**What is expected**. With the pictures left out, restate exactly the part below that opens with the line containing "Dane telefonu Samsung" and closes with the line containing "Mocassins plats en".

**Records for the exercise**.
========
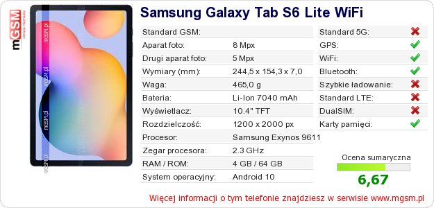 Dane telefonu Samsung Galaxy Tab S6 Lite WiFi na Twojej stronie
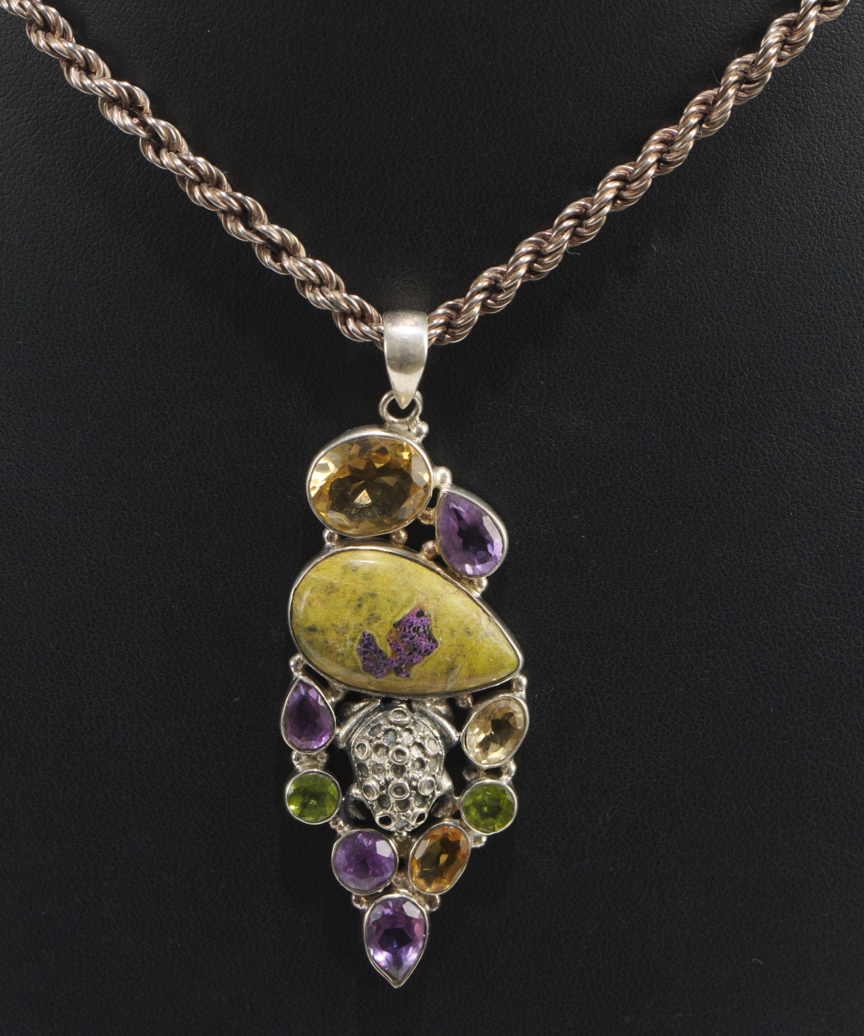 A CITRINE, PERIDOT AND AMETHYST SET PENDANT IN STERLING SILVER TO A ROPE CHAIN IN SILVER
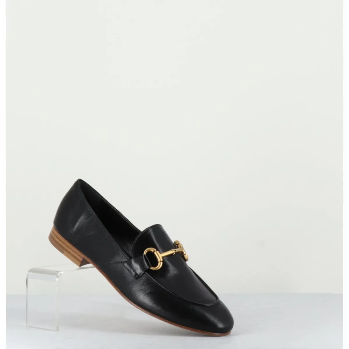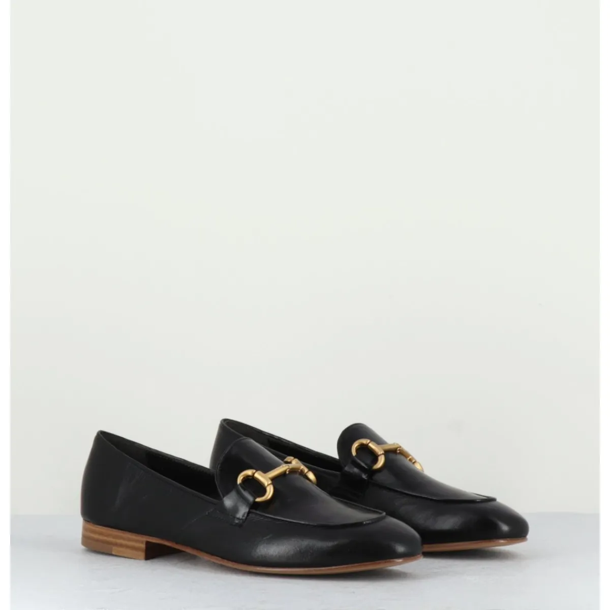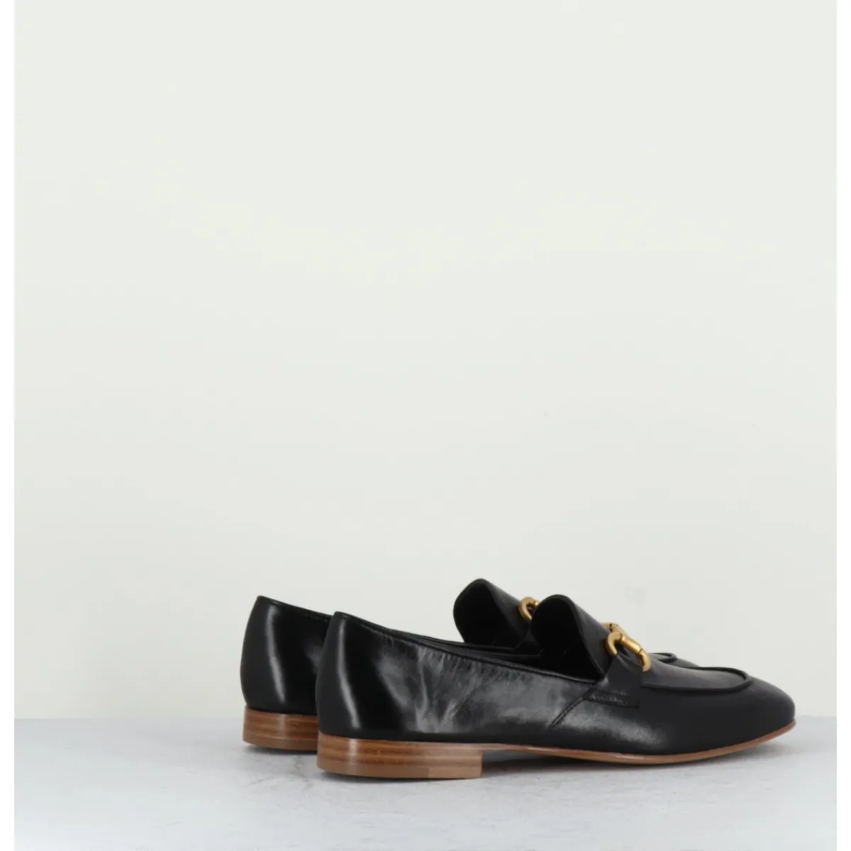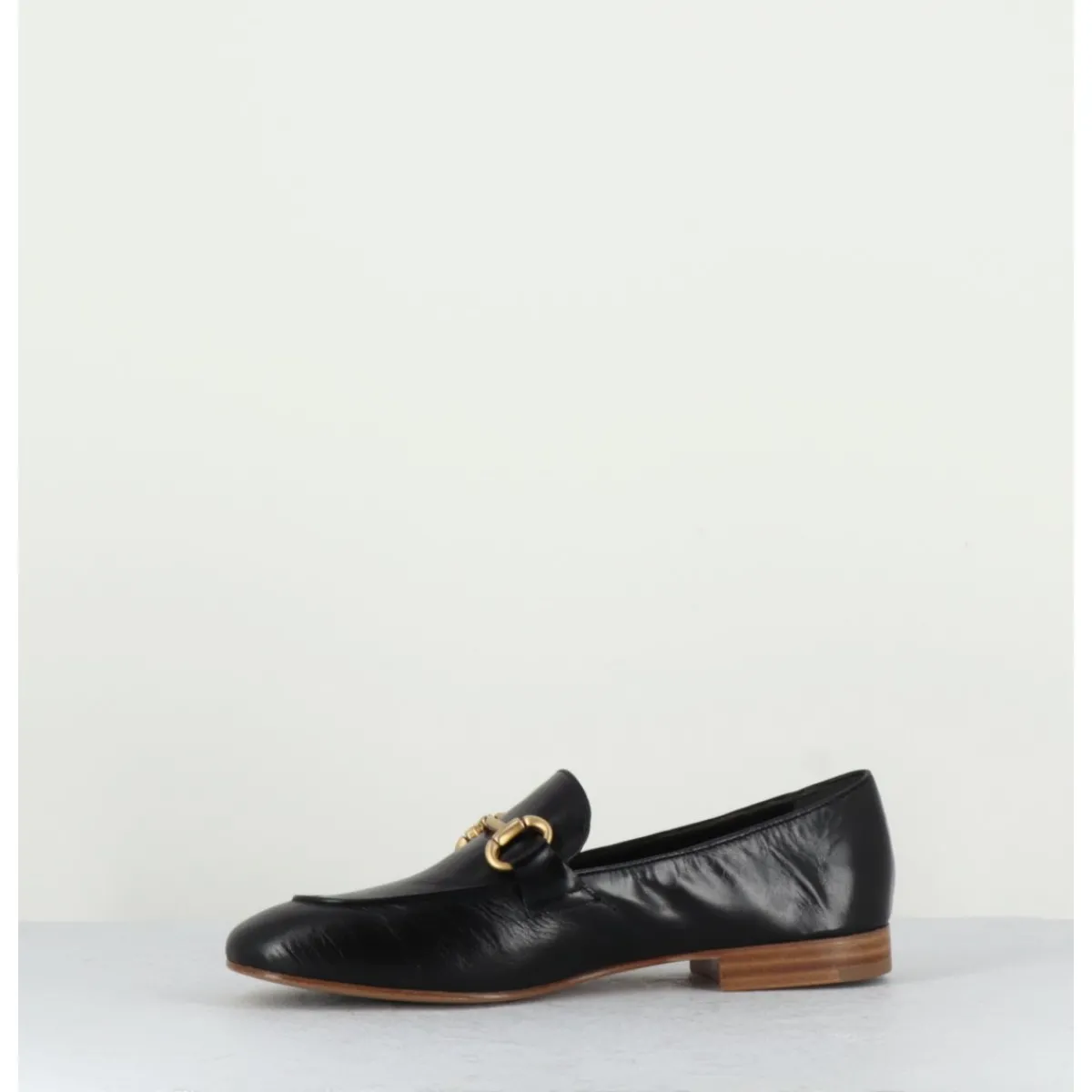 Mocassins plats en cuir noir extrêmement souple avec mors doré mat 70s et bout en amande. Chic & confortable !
========
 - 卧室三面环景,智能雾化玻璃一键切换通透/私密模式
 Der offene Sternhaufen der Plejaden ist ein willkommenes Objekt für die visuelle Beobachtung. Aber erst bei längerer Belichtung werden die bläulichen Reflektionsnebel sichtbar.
========
**Your solution**.
 Dane telefonu Samsung Galaxy Tab S6 Lite WiFi na Twojej stronie
 A CITRINE, PERIDOT AND AMETHYST SET PENDANT IN STERLING SILVER TO A ROPE CHAIN IN SILVER
 Mocassins plats en cuir noir extrêmement souple avec mors doré mat 70s et bout en amande. Chic & confortable !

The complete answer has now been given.